Dear PoP – Help To Track Down Family in Photo

“Dear PoP,

A couple years ago my sister and I acquired several hundred slides of a Virginia family’s cross country and European travels from the late 50’s & early 60’s (Mexico, France, Italy, Holland, Greece, Turkey, Israel, Egypt, Iraq, Iran, Afghanistan, Pakistan and so on) from Ruff & Ready. Some real Time Life meets National Geographic shit. One of the slides at the beginning of the cross country trip (Virginia to San Francisco via New Orleans and Mexico) shows the family car (with obligatory bug screen) and its license plate: Arlington, 1960 and the number. [License plate: Virginia 1960, A127-199; 44973, Arlington 8]

Does anyone out there know how I would go about trying to track down the family through public records or DMV? I’ve enjoyed them and thought their kids might want a family keepsake.”

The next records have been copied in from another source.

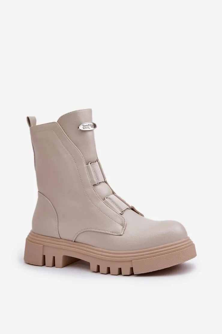 Damskie botki od marki Jezzi zostały wykonane z eko skóry. Zapinane na zamek, co ułatwia zakładanie i ściąganie obuwia. Wnętrze ocieplone kocem obuwniczym, który zapewni ciepło w mroźne dni. Noski zaokrąglone. Modny fason, który doskonale uzupełni wiele jesienno-zimowych stylizacji! Przy wyborze rozmiaru prosimy sugerować się tabelą rozmiarów.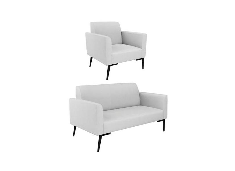 Sofá Namoradeira com Poltrona Pés Villach Marisa Linho Cinza A05 D03 - D'Rossi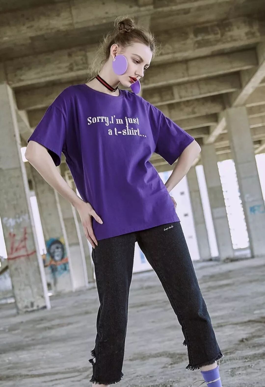 ▼紫色T恤搭配牛仔裤可以打造出炒鸡休闲不失高级的感觉,任何肤质都可以驾驭~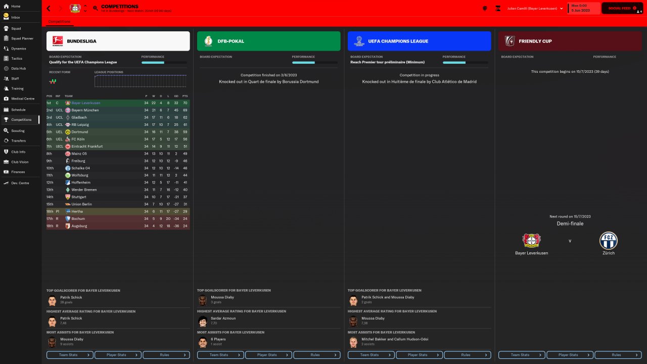 - Bundesliga with Bayern Leverkusen (1st)

Any suggestions? Seems like a long shot but it would be fantastic if they could be tracked down.

18 Comment

  • Cool idea – I have twice tracked down people from old postcards. Though failed to find the sender of a message in a bottle from New Zealand.

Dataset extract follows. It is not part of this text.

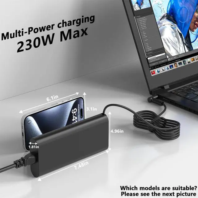 Safety: this 230W laptop charger includes multi-protection: over-charge, over-voltage, over-temperature, over-current, short-circuit, and lightning protection. Built with high-quality materials, it ensures safe and reliable charging for your devices. ^^ Back-to-School Essential The ideal choice for students, teachers, and parents, this 230W laptop charger keeps your devices running efficiently during the back-to-school season. Stay productive and connected with this reliable and durable adapter.

    If DMV doesn’t work out, I wonder if car dealerships for that type car might. (I don’t know what it is but someone will.) Many dealerships have been owned by families for generations, and a family with wealth enough to travel this much may have bought new cars regularly, as was common back then. Perhaps also look for message boards for State department, World Bank.

    There may be lots of clues in other photos. Good luck

  • There are several license plate search engines online for a fee of about $30 if you care to spend that.

    Please provide an update with your search if you are successful.

    Cool Post! Good Luck.

  • I’m pretty sure that’s Helen Thomas second from the right.

  • Rather than the DMV, which probably systematically destroys old records on a rolling basis like most other government agencies, I’d try talking to an expert in old license plates to see if there’s any way to gleen data therefrom. Maybe someone at ALPCA:

    Good luck.

  • This wasn’t their car anyway! They were getting ready to steal it. It’s pretty obvious they were moving quickly to hot wire the thing and skedaddle.

  • I’d recommend reading “The Girl with the Dragon Tattoo.”

  • There’s a great film called “Lost Holiday” that you might enjoy. I saw it at Silverdocs last year. It’s about a group of Czech tourists that find a bag of undeveloped film in the trash in Sweden, if I remember correctly. They spent the next couple of years (!) trying to track down the random Asian strangers in the photos. Worth a watch.

  • I would certainly suggest tapping the Arlington Library Archives. This is an unusual search, but that’s what makes it fun and that just might get you someone who’s interested enough to go out of their way to help.

    You can reach them at:
    1015 N. Quincy St
    Arlington, VA 22201
    (703) 228-7724

    Do keep us posted.

  • I would certainly suggest tapping the Arlington Library Archives. You can reach them at:

    1015 N. Quincy St
    Arlington, VA 22201
    (703) 228-7724

  • “I’ve enjoyed them and thought their kids might want a family keepsake.”

    Sometimes family treasures are thrown out by accident. And sometimes they are thrown out for a reason.

    Maybe the kids just don’t think their ancestor’s road trips are interesting or valuable. Or maybe there are bad memories lurking in between those slides that the kids and family have tried very hard to put behind them.

    Tread carefully when deciding to track down strangers for things like this. Be prepared that they may not want anything to do with you or the items you’ve found.

    • debbie downer!

      • Its nice that you have nothing but pleasant memories and wouldn’t mind a stranger knocking on your door and offering you a trip down memory lane. Not everyone is so fortunate.

    • I once bought a lot of old photos from the children of the owners of this house, all kinds of old photos of DC life and I asked them, “Are you really selling these?” and they told me “Why would you want a bunch of old pictures?” I told them about the history and life in the 1950s and the woman just responded, “I lived here, it wasn’t that great.”

      Not everyone is like us.

    • If that were the case, the owners would have burned the photos.